Disrupting the Diploma

I worked with Reid Hoffman (and Greg Beato) on a long essay titled: Disrupting the Diploma: How updating the communication device known as a “diploma” will help students acquire the right skills and help companies hire the right talent. We take on the under discussed topic of credentialing, and how credentialing as a platform will improve higher education.

Excerpt:

In the same way that trailblazers like Coursera and Udacity are making instruction faster, cheaper, and more effective, we should also make certification faster, cheaper, and more effective too.

To do this, we need to apply new technologies to the primary tool of traditional certification, the diploma. We need to take what now exists as a dumb, static document and turn it into a richer, updateable, more connected record of a person’s skills, expertise, and experience. And then we need to take that record and make it part of a fully networked certification platform.

Once we make this leap, certification can play a more active role in helping the higher education system clearly convey to students what skills and competencies they should pursue if their primary objective is to optimize their economic futures.

And:

Imagine an online document that’s iterative like a LinkedIn profile (and might even be part of the LinkedIn profile), but is administered by some master service that verifies the authenticity of its components. While you’d be the creator and primary keeper of this profile, you wouldn’t actually be able to add certifications yourself. Instead, this master service would do so, verifying information with the certification issuers, at your request, after you successfully completed a given curriculum.

Over time, this dynamic, networked diploma will contain an increasing number of icons or badges symbolizing specific certifications. It could also link to transcripts, test scores, and work examples from these curricula, and even evaluations from instructors, classmates, internship supervisors, and others who have interacted with you in your educational pursuits.

Ultimately the various certificates you earn could be bundled into higher-value certifications. If you earn five certificates in the realm of computer science, you might receive an icon or badge that symbolizes this higher level of experience and expertise. In this way, you could eventually assemble portfolios that reflect a similar breadth of experiences that you get when you pursue a traditional four-year degree.

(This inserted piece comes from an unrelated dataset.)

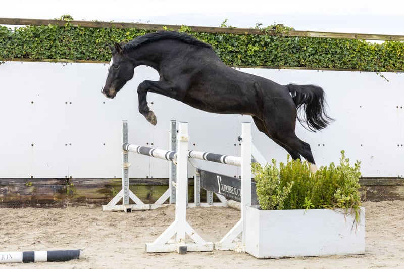 Fairmont VA is offered as a broodmare. She is a very attractive, modern-type mare with an uphill build and a good canter. She produced a foal last year and demonstrates quality movement and jumping ability. She jumps with good technique, is light-footed, quick, and able to accelerate easily. A mare with bloodlines and athleticism, making her very interesting for breeding. Sire Centurion (Cormint x Calido I) competed at 1.25m level and combines the performance bloodlines of Cormint (1.30m) with Calido I, one of the most influential Holsteiner sires, responsible for numerous 1.60m horses. This sire line is known for scope, reflexes, and mentality. Dam W-Cassady Z (Cassini I) comes from an exceptionally strong Holsteiner performance family. She produced Daikon (by Dominator 2000 Z), an approved Holsteiner stallion competing at 1.35m with international placings in Vejer de la Frontera, as well as Sandra XXXII (1.30m). Second dam Summer (Landjunge) is a Bezirksprämie mare and has produced several sport horses, including Clover VA (1.35m, multiple CSI wins) and Quality Summertime (1.40m), confirming the consistency of this family. Third dam Zita VIII (Ahorn Z) competed at 1.50m level herself and produced horses such as Hatschibuh (1.50m), Nabab de Calando (1.45m), Cardero (1.60m, approved HOLST/SF), and multiple offspring competing at 1.30m level and above. Fourth dam Togo (Caletto I) is the foundation of this performance line and produced several sport horses and approved stallions, including Alido (1.40m, approved ZfdP). Fairmont VA combines a modern type, athletic qualities, and an exceptionally strong damline full of sport horses and approved stallions. A proven broodmare with excellent genetics, ideal for breeders aiming for the top in show jumping.

For students, the more modularized approach to instruction embodied in such diplomas would have immediate benefits. Traditional four-year degrees maximize tuition costs, because they only award certification for lengthy courses of study that require substantial capital investments. A more modularized system would move beyond this all-or-nothing approach. Instead of taking general education classes for two years and then dropping out and ending up with little to show for their efforts except two years of debt, students could make smaller investments — in money and time — to acquire specific credentials.

6 comments on “Disrupting the Diploma
  • Hey Ben,

    Read and loved the essay. The shift makes sense and is one of the last main areas that needs to evolve to “fix education”. Well done.

    Another thing that would be great on Linkedin is demonstrating somebodies knowledge about their area of expertise. Today people do this through “publishing” – be it a book, a blog, or a scientific paper. But these, like a diploma, are static and dated. What would be great is making it easy for someone to have a “live document” where they could share “what I know about X” that is always being updated and that people could “subscribe” to, comment on, and participate in.

    This would be a great way to demonstrate knowledge to employers and customers and enable the individual to build – and maintain – an engaged audience and develop their brand around their knowledge.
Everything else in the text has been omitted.